→ **Given data**
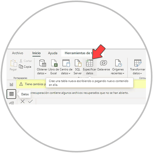Si por algún motivo durante la realización de tu proyecto, necesitas crear una tabla, hay que pensar primero que esta tabla se puede crear en Excel también y después la puedes importar a Power BI Desktop y conectarla a nuestro modelo. Si quieres crear la tabla directamente en Power BI, podremos hacerlo en cualquier momento desde el menú de inicio, en la barra de tareas, con la opción “Especificar Datos”, tal y como puedes ver en la imagen de abajo.
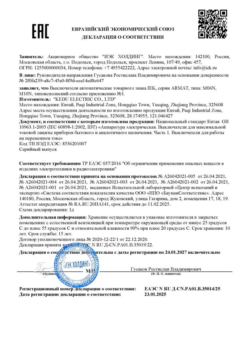 ЕАЭС N RU Д-CN.PA01.B.35014/25 (ТР ЕАЭС 037/2016) до 16.01.2029
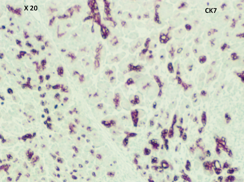 ![]() Click for large image | Figure 4. CK-7 was positive in epithelial cells (medium power, × 20). CK-7: cytokeratin 7. |
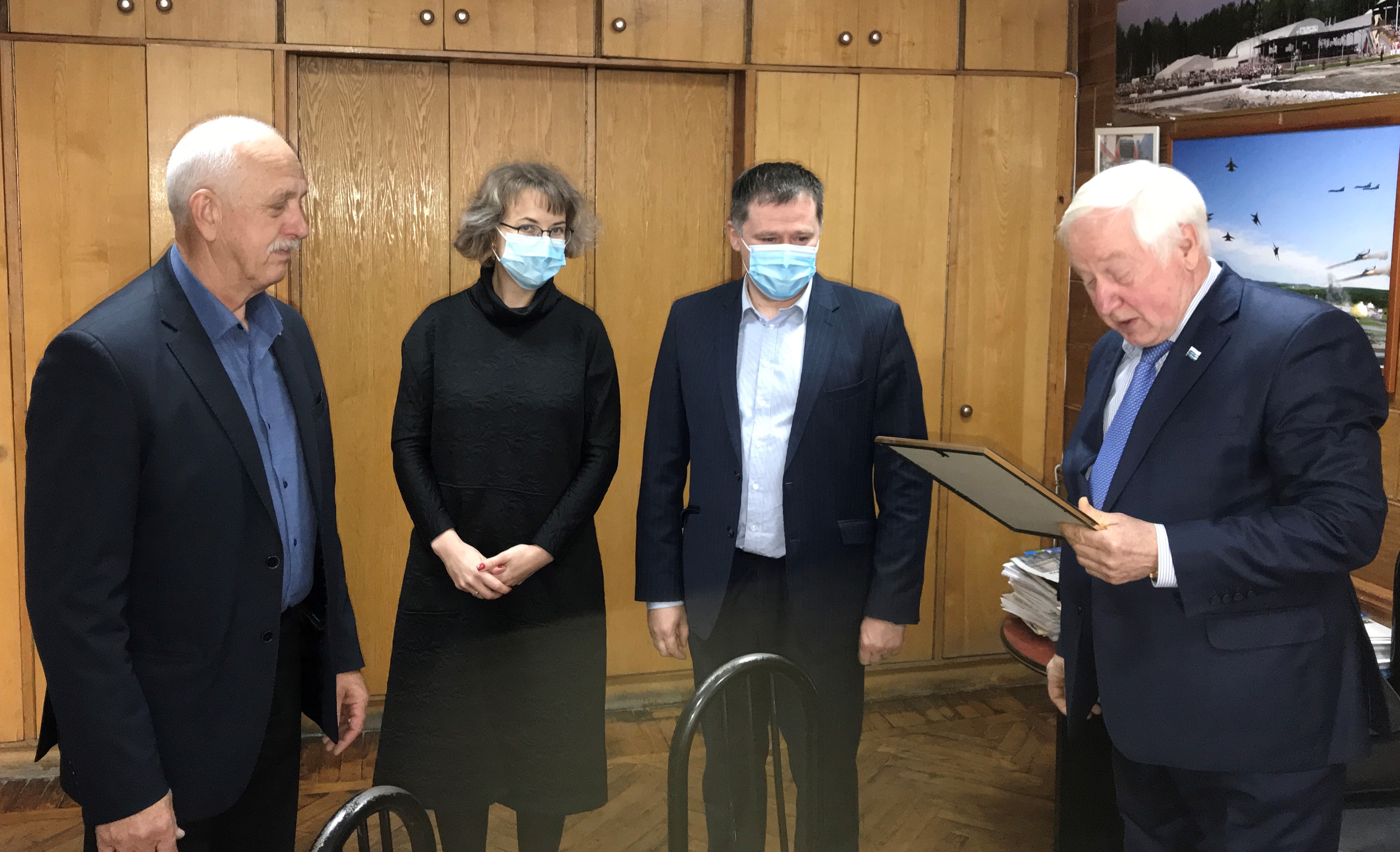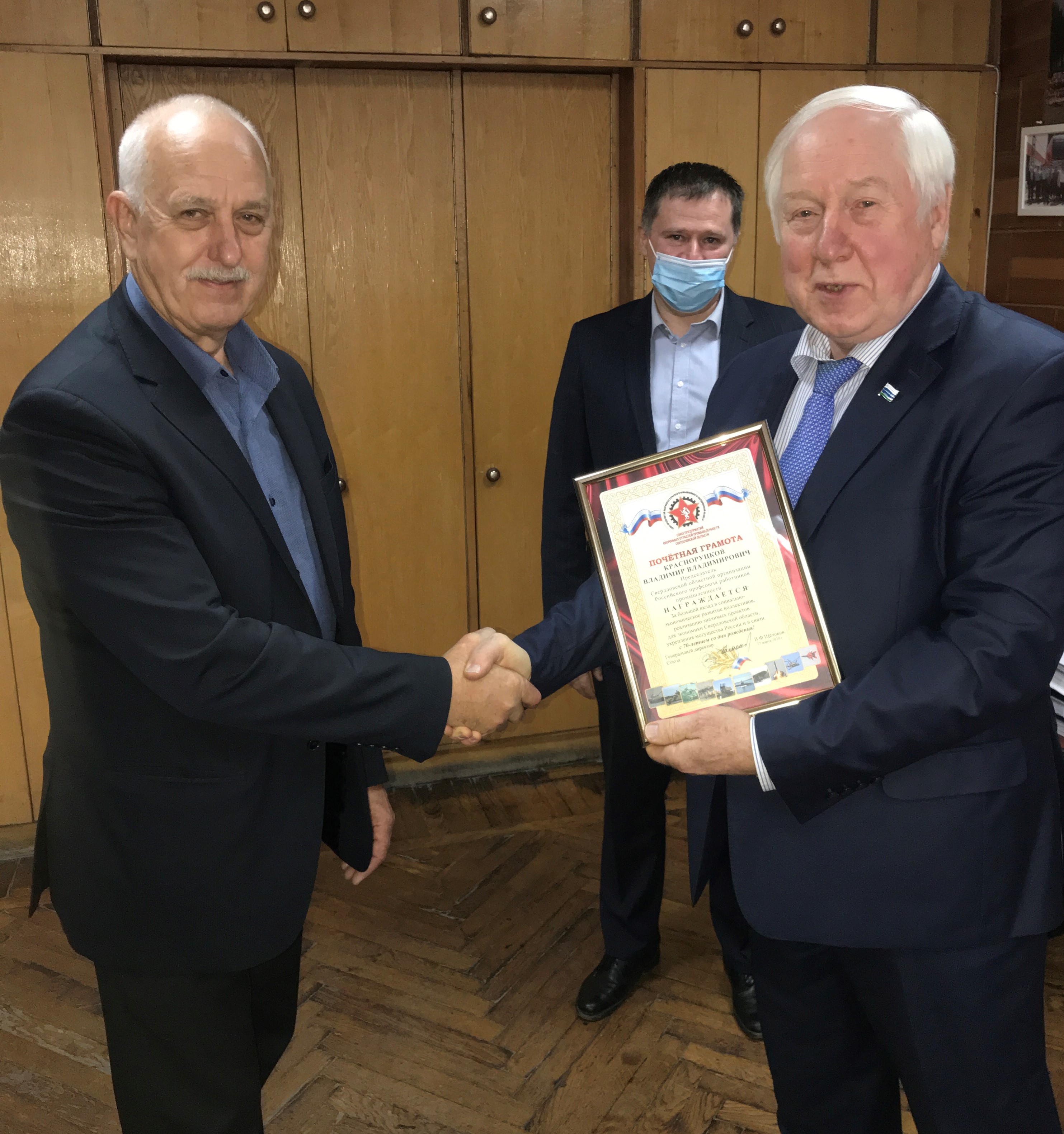 По окончании совещания Щелоков В.Ф. поздравил Красноруцкого В.В. с прошедшим юбилейным днем рождения, вручил ему Почетную грамоту Союза предприятий оборонных отраслей промышленности Свердловской области, памятную медаль «100 лет ВЛКСМ» и памятный сувенир.
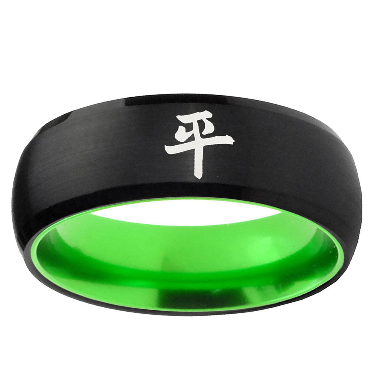 Intruding 8mm Kanji Peace Dome Black And Green Tungsten Carbide Custom Ring for Men . Offer in men wedding band in 8mm band width Black And Green plated finished from size 7 to 14
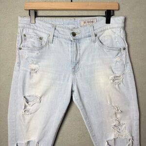 AG jeans, Adriano Goldschmied denim, The Ex-Boyfriend jeans, slouchy slim jeans, distressed jeans, relaxed fit denim, women’s size 28R, light wash jeans, casual cool jeans, vintage inspired denim, everyday jeans, soft denim, mid-rise jeans, AG-ED jeans

→ **What you are asked to do**
Word for word, reproduce each line from the one with "По окончании совещания" through the last line of the material above, both included, and drop the pictures.

→ **Answer to the problem**
 По окончании совещания Щелоков В.Ф. поздравил Красноруцкого В.В. с прошедшим юбилейным днем рождения, вручил ему Почетную грамоту Союза предприятий оборонных отраслей промышленности Свердловской области, памятную медаль «100 лет ВЛКСМ» и памятный сувенир.
 Intruding 8mm Kanji Peace Dome Black And Green Tungsten Carbide Custom Ring for Men . Offer in men wedding band in 8mm band width Black And Green plated finished from size 7 to 14
 AG jeans, Adriano Goldschmied denim, The Ex-Boyfriend jeans, slouchy slim jeans, distressed jeans, relaxed fit denim, women’s size 28R, light wash jeans, casual cool jeans, vintage inspired denim, everyday jeans, soft denim, mid-rise jeans, AG-ED jeans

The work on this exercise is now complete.